ル・カレのスパイ小説の中でも、傑作中の傑作とうたわれる本作を監督したのは「ぼくのエリ 200歳の少女」のトーマス・アルフレッドソン。若手ながら、静けさのなかに緊張感がみなぎるじっくりとした語り口で、スパイ映画のなかでも独特のトーンに仕上げている。男優陣がずらりと並んだ会見は、エレガントな英国メンズ・クラブといったおもむき。イギリス風のひねったジョークも飛び出すリラックスした雰囲気からは、チームワークの良さがにじみ出ていた。

併設のオリゾンティ部門では9月8日(現地時間)、塚本晋也監督がCoccoをヒロインに起用した「KOTOKO」が上映され、喝采を浴びた。べネチアの常連で、一昨年には「鉄男 THE BULLET MAN」をコンペに出品している塚本監督には、地元イタリアのファンが多い。
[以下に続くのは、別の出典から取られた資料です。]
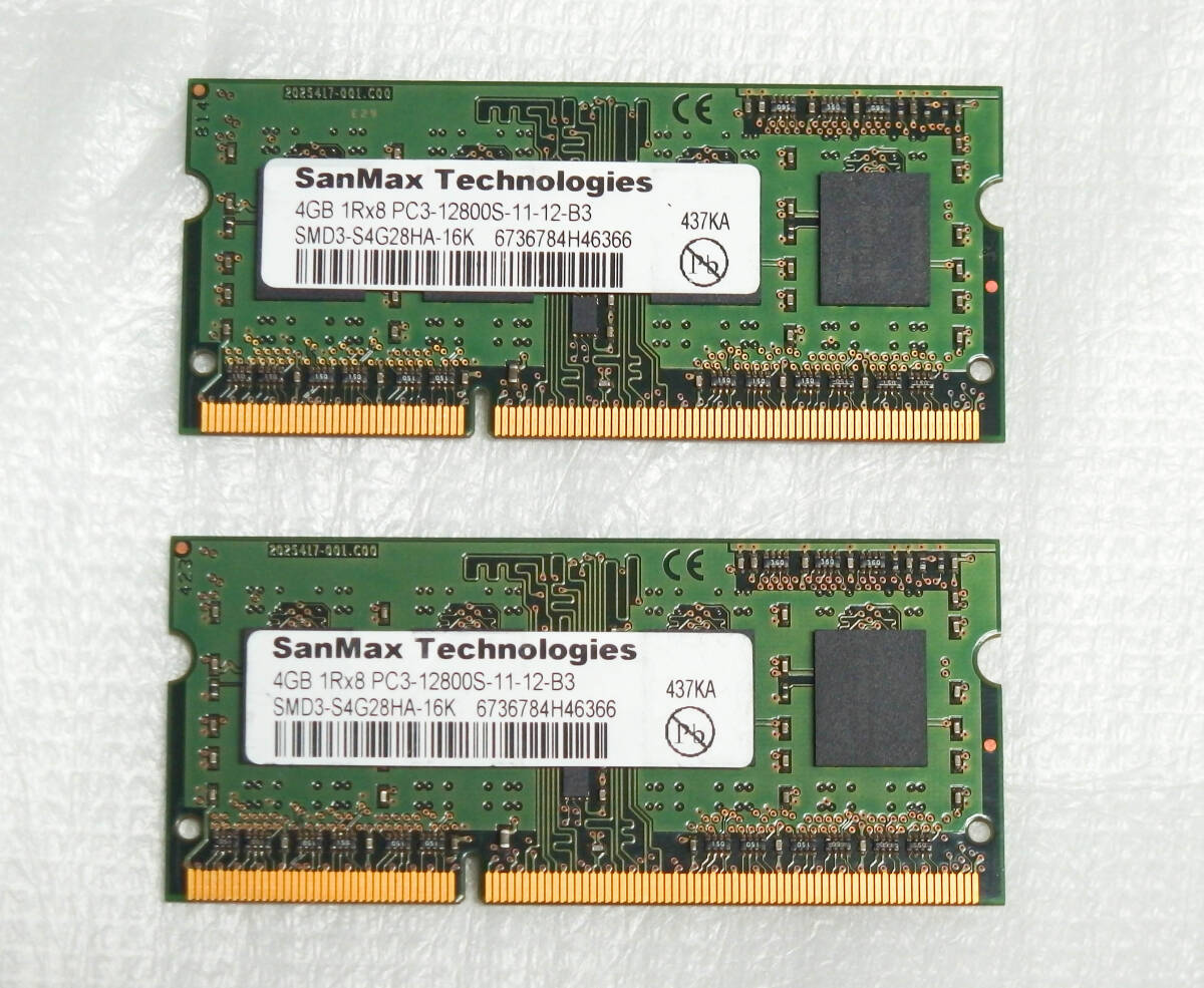 > ノートパソコン メモリー SanMaxPC3-12800S 4GBx2枚 動作確認済み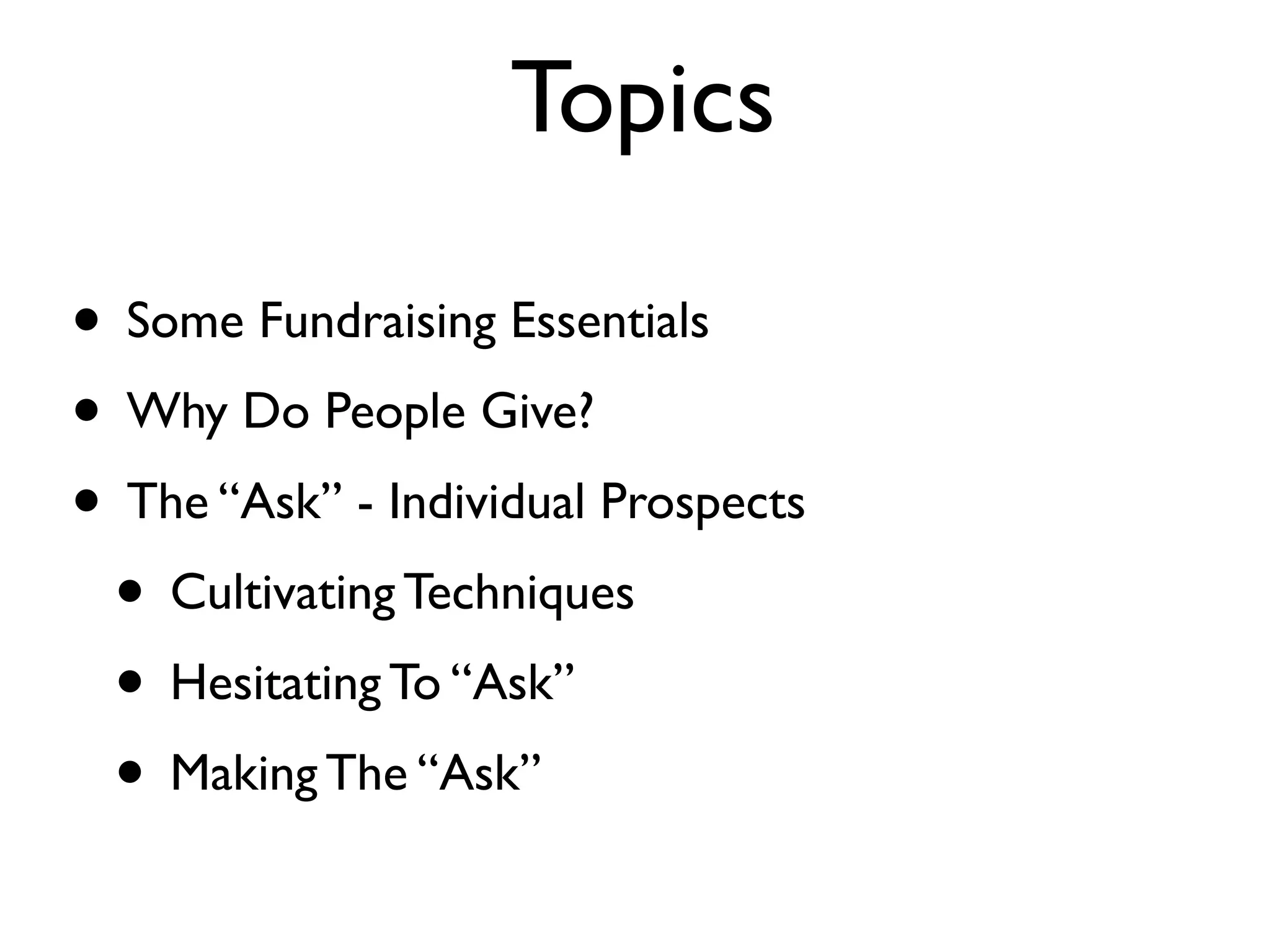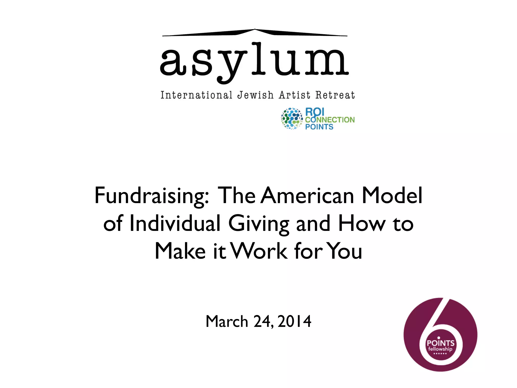 This document provides guidance on fundraising using the American model of individual giving. It discusses why people give, cultivating donors, and how to make an effective "ask." Some key points include: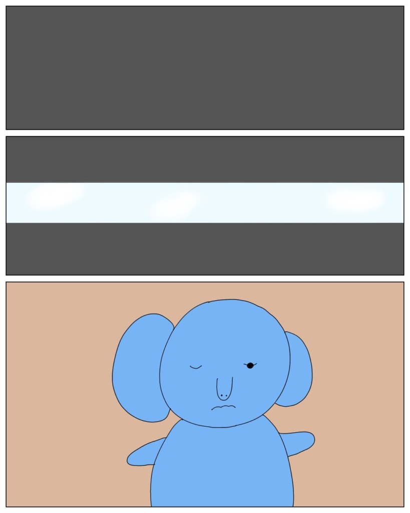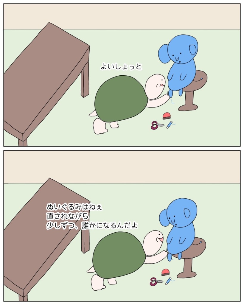 ぞうのぬいぐるみが、自分は何者で、どこに行くべきかを

この日も会場はほぼ満席状態で、終映後には日本語でサインを求める外国人ファンの姿も見受けられた。

塚本監督がCoccoにほれこんで企画したという物語は、子どもを愛するあまり世の中にうまく対応できず、精神に異常をきたしていくシングルマザーの姿を描いたもの。3.11の東日本大震災後の状況や、幼い子どもを持つ塚本監督の個人的な経験なども反映されたという、痛くせつなくパワフルなドラマだ。衝撃的なシーンもあるものの、ユーモラスな場面では笑いが起きるなど、場内はビビッドな反応に包まれた。